Он заметил, как один из гостей мазанул его спину взглядом, а потом стремительно поднял глаза и встретился с глазами Штирлица в стекле шкафа; ты стареешь, сказал себе Штирлиц; первый симптом старости — утрата быстроты реакции на слово, жест или взгляд; надо узнать у Гонсалеса, кто этот человек; слишком молод и чересчур красиво одет, вполне может быть осведомителем; на «одежку» в этом обществе мало кто обращает внимания, людей здесь ценят по количеству принадлежащей им земли и связям; проиграв темп-бери качеством, усмешливо подумал Штирлиц; глаз с красавца не спускал, заставив того отвернуться: именно преследующий заинтересован в том, чтобы его не заметил тот, кого он преследует.

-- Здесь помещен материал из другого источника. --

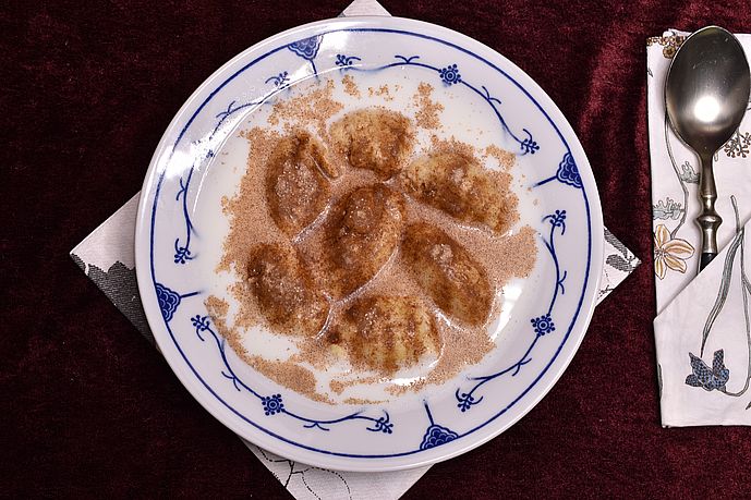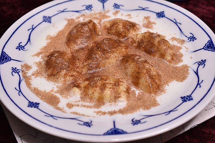 ved servering, fordeles boller i dybe tallerkner og den varme mælk

Лишь после того, как красавец продолжил беседу с седым стариком, на лацкане пиджака которого торчала маленькая, сделанная из эмалированного металла колодка высшего франкистского ордена, Штирлиц скрипуче открыл дверцу шкафа, заметил, как на него обернулись, удовлетворенно подумал, что добился именно того, чего добивался, и достал с полки французскую книгу в прекрасном сафьяновом переплете.

…В самые трудные моменты жизни Штирлица спасала книга. Всю жизнь он был благодарен отцу за то, как тот научил его читать; мальчиком уже он приучился растворяться в книге, становясь участником действа; он слушал и видел разговоры героев, думал вместе с ними и засыпал счастливым, зная, что завтра ему предстоит встреча с новыми друзьями, которые, как и он, должны отдохнуть: герои книг тоже устают, ибо они не только вбирают в себя мыслящие взгляды миллионов глаз, но и отдают себя этим читающим миллионам, — таинственно устроен мир, познавать его еще и познавать…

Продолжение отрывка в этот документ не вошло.